= Exercise aim =
Please copy the lines below, exactly as they are, from the one with "为深入学习贯彻习近平新时代中" through the one with "A) [Montini Innocenzo]", and leave out the pictures.

____ Records shown

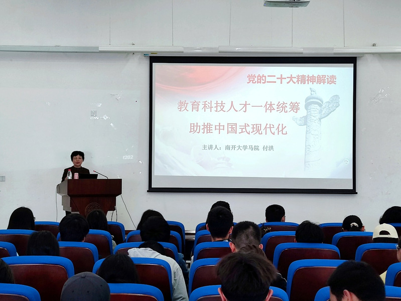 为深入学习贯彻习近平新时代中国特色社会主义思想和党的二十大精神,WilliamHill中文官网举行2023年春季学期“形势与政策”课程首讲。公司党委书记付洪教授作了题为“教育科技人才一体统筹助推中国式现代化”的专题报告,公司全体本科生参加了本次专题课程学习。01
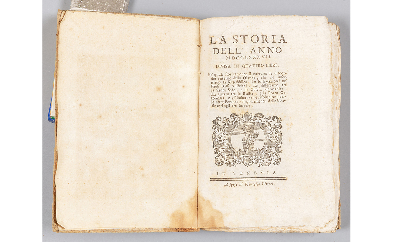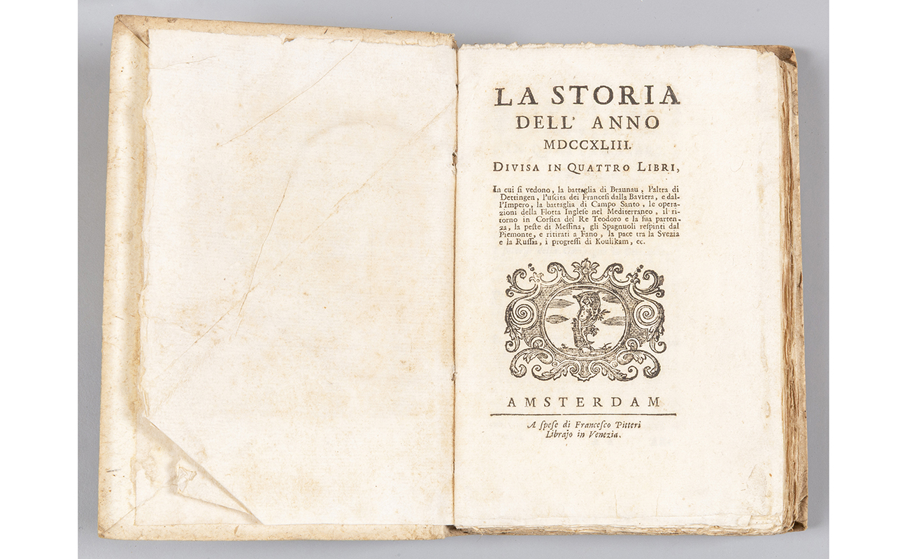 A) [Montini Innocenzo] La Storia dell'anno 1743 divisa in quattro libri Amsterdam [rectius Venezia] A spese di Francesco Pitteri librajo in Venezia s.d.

________
____ Records shown

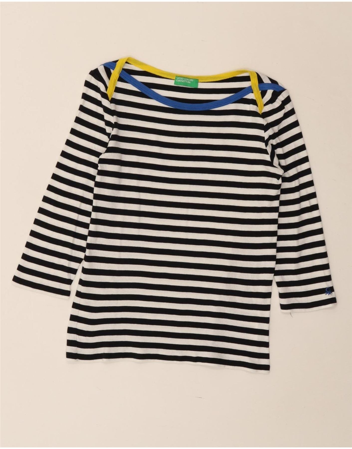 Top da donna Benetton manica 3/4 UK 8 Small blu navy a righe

________

= Reply to the task =
 为深入学习贯彻习近平新时代中国特色社会主义思想和党的二十大精神,WilliamHill中文官网举行2023年春季学期“形势与政策”课程首讲。公司党委书记付洪教授作了题为“教育科技人才一体统筹助推中国式现代化”的专题报告,公司全体本科生参加了本次专题课程学习。01
 A) [Montini Innocenzo] La Storia dell'anno 1743 divisa in quattro libri Amsterdam [rectius Venezia] A spese di Francesco Pitteri librajo in Venezia s.d.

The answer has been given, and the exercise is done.